Japanese Patent Publication No. 4-14734 Japanese Patent Laid-Open No. 10-153432 JP-A-10-206166 JP-A-5-312579

  However, the method of providing the vibration element with a sensor different from the detection unit for detecting the vibration of the vibrator in order to detect the rotation direction of the vibrator has a problem that the structure of the gyro sensor becomes complicated.

  In addition, in the method of detecting the phase of the detection signal of the detection unit in order to detect the rotation direction of the vibrator, it is necessary to provide a circuit for performing phase detection, which causes a problem that the circuit of the gyro sensor becomes complicated. It was.

  The present invention has been made in view of the above-described circumstances, and a vibration gyro capable of detecting the angular velocity applied to the vibrator and the rotation direction of the vibrator without complicating the structure and circuit of the gyro sensor. An object is to provide a sensor.

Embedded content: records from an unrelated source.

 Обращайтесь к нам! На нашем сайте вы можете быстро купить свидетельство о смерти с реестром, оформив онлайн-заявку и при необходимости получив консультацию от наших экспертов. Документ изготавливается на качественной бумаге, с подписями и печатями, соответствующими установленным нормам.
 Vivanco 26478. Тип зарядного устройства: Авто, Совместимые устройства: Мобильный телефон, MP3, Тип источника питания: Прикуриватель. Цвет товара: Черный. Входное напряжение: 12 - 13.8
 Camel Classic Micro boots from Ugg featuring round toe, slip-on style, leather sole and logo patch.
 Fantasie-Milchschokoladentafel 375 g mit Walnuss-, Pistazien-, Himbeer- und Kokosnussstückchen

  In order to achieve the above object, the present invention includes, as a first invention, a vibrator made of a magnetic material, a drive unit that applies vibration to the vibrator, and a detection unit that detects vibration of the vibrator. A vibration type gyro sensor for obtaining an angular velocity applied to the vibrator based on a phase difference between a phase of a drive signal of the drive unit and a phase of a detection signal of the detection unit, and two magnetic sensors as the detection unit Are used while the vibrators are vibrated along the longitudinal direction of the array of the two magnetic sensors, and the differential signals of the two magnetic sensors are detected. A vibration type die that detects a rotation direction of the vibrator based on a positive / negative of a zero cross point of the differential signal in the intermediate portion of the magnetic sensor with respect to a central time point between the two magnetic sensors. To provide a Irosensa.

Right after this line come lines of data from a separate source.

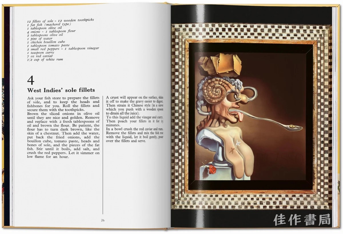这个节选重印版本收录了12个章节中的78道食谱,配有达利专门绘制的插图,并按用餐顺序编排。这些插图和食谱还附有达利关于诸如餐桌谈话等话题的夸张沉思:“下巴是我们掌握哲学知识的最佳工具。”
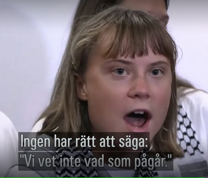 På Aktuellt igår kunde vi se och höra en stark kort appell från Greta Thunberg från flygplatsen i Aten (24 minuter in i programmet). En appell som nyhetsjournalisten kallar upprörd. Finns det någon annan adekvat känsla? undrar jag.
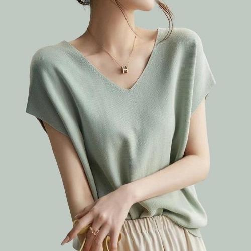 [셀러허브_여성트랜드패션]봄 여름 여자 브이넥 니트 쿨소재 반팔티
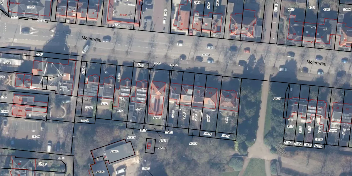 Het perceel waarop Molenweg 9 staat heeft een oppervlakte van 201 m². Dit is een middelgroot perceel. De perceeloppervlakte wordt geregistreerd door het Kadaster. Gedetailleerde informatie over de maten van dit perceel kunt u vinden in het rapport Kadastrale kaart met maatvoering van Molenweg 9.
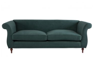 Sofá estilo clássico de veludo verde. Na imagem abaixo, com almofadas - já inclusas
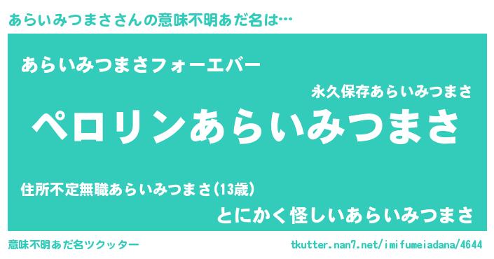 | ヒーロー風カッコイイあだ名 | 『スーパーアライミツマサ』 |
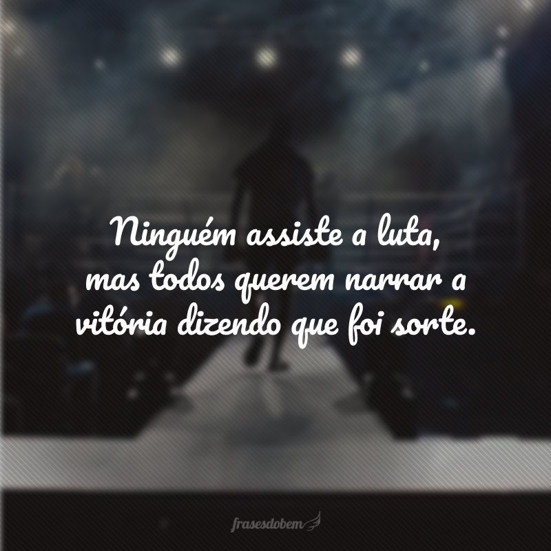 Ninguém assiste a luta, mas todos querem narrar a vitória dizendo que foi sorte.

  In order to achieve the above object, the present invention includes, as a second invention, a vibrator made of a magnetic material, a drive unit that applies vibration to the vibrator, and a detection unit that detects vibration of the vibrator. A vibration type gyro sensor that obtains an angular velocity applied to the vibrator based on a phase difference between a phase of a drive signal of the drive unit and a phase of a detection signal of the detection unit, and includes four magnetic sensors as the detection unit Are arranged in two rows and two columns separated from each other, and the vibrators are vibrated along diagonal lines of the array of the four magnetic sensors, and the differential signals of the four magnetic sensors are detected. The rotation direction of the vibrator is detected based on the positive / negative of the zero cross point of the difference signal in the intermediate part of the four magnetic sensors with respect to the central time point between the four magnetic sensors. To provide a dynamic type gyro sensor.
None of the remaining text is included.